Gli arabi, che hanno regnato in Sicilia nel X secolo dopo Cristo, erano più interessati al pistacchio selvatico e ad altre essenze mediterranee. “Gli oliveti storici hanno un’importanza strategica nella transizione ecologica perché sono hub di biodiversità e di sostenibilità. – aggiunge Gianluca Piovesan, docente di Dendroecologia dell’Università degli Studi della Tuscia – Tutelare questi paesaggi, oltre alla conservazione di un bene storico-culturale, è un’opportunità per studiare i segreti di una risorsa unica: alberi domestici vetusti, selezionati per resistere alla siccità e produrre in condizioni ambientali ostili”. In Italia l’olivicoltura così come la conosciamo oggi, spiega la ricerca pubblicata sull’ultimo numero della rivista internazionale “Quaternary Science Reviews”, nasce in realtà solo nel XVIII secolo ma è un percorso ancora in evoluzione.
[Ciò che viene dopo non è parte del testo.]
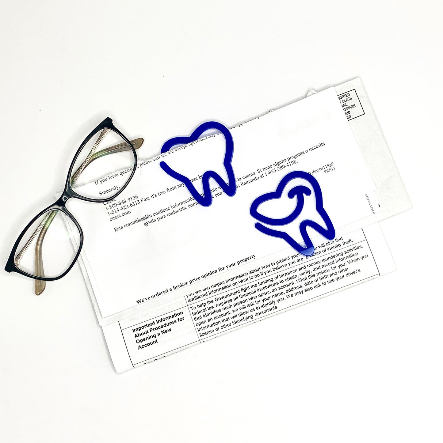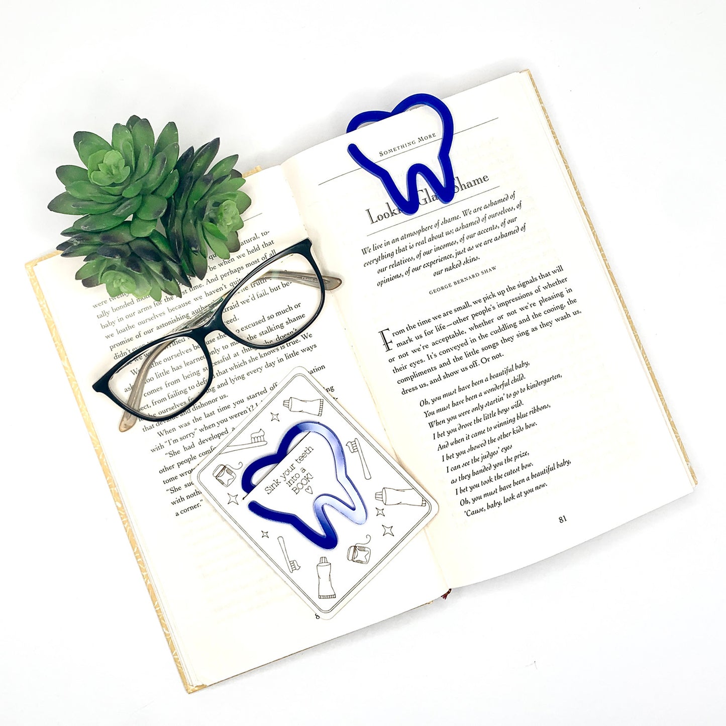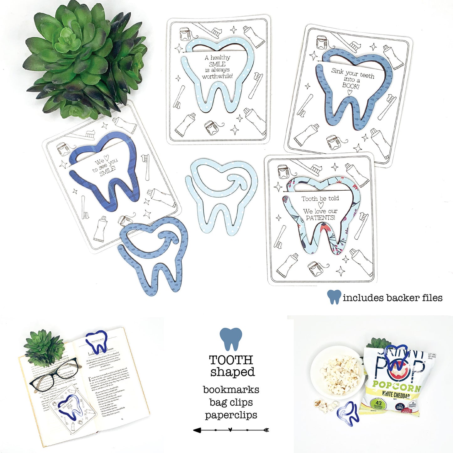 Tooth-Shaped Bookmark with Card Backer - Paperclip - Snack Bag Closure

I cambiamenti climatici, la selezione di varietà resistenti alle gelate cambiano la geografia naturale di questa pianta. Nel 2023 in Valtellina sono stati messi a dimora 10mila alberi sui versanti più esposti al sole mentre in Piemonte è ripresa la coltivazione sia in val di Susa, in provincia di Torino, che nell’alessandrino dove l’olio si produceva in quantità durante l’optimum climatico del Medioevo.